# Navarre Pier 6/17/21



## kingfish501 (Oct 7, 2007)

Cigs were everywhere...from right on top of the beach out to the end. Plenty of LYs, too. Why was there so much bait you ask? _*Because there was nothing there to eat them. *_

Flipper stayed there the 11 hours I was there and if Flipper didn't get the bait, remoras would.

One king was hooked, but Flipper " caught" it. He did let the fisherman keep the head. I saw 2 Spanish caught off the end. Lots of hardtails were caught. We saw tarpon, but no takers on swim baits. Bonita's...small ones like winter Bo's came by , but would by anywhere from 1 to 5 instead of schools passing by.

Trying to figure out if I am going to try again tomorrow or go chasing mullet.


----------



## jwilson1978 (Mar 23, 2021)

kingfish501 said:


> Cigs were everywhere...from right on top of the beach out to the end. Plenty of LYs, too. Why was there so much bait you ask? _*Because there was nothing there to eat them. *_
> 
> Flipper stayed there the 11 hours I was there and if Flipper didn't get the bait, remoras would.
> 
> ...


Just wondering I have seen shows where they radio tag sharks and the leave and go offshore before storms you think the other large fish on the coastline do the same?


----------



## kingfish501 (Oct 7, 2007)

What storm? That dinky thunderstorm down south?
This has been the pattern this whole year, so far. Very few kings. Spanish will blitz for a day or two, then disappear for a few days.

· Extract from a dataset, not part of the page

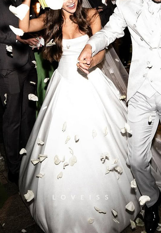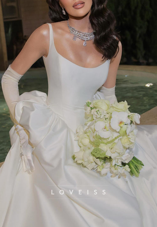 Scoop Straps Sleek Corset Satin A-Line Simple Wedding Dress

Look at a radar image of this " storm". Bay of Campeche is damn near clear except for a few really small thunderstorms...during rainy season.


----------



## jwilson1978 (Mar 23, 2021)

kingfish501 said:


> What storm? That dinky thunderstorm down south?
> This has been the pattern this whole year, so far. Very few kings. Spanish will blitz for a day or two, then disappear for a few days.
> 
> Look at a radar image of this " storm". Bay of Campeche is damn near clear except for a few really small thunderstorms...during rainy season.


I was thinking more of a fresh water influx some how they sharks new when that was coming I’m not telling at all just wondering what someone with years of experience thought


----------



## jwilson1978 (Mar 23, 2021)

jwilson1978 said:


> I was thinking more of a fresh water influx some how they sharks new when that was coming I’m not telling at all just wondering what someone with years of experience thought


 guess I thought (my fault) from your post this was abnormal just know the rivers over here In AL are flooding and were supposed to get a lot more rain once this tropical depression gets up here this weekend really was not thinking y’all probably won’t get the rain we do


----------



## kingfish501 (Oct 7, 2007)

jwilson1978 said:


> I was thinking more of a fresh water influx some how they sharks new when that was coming I’m not telling at all just wondering what someone with years of experience thought


Kings go into a feeding frenzy on the edge of storms.


----------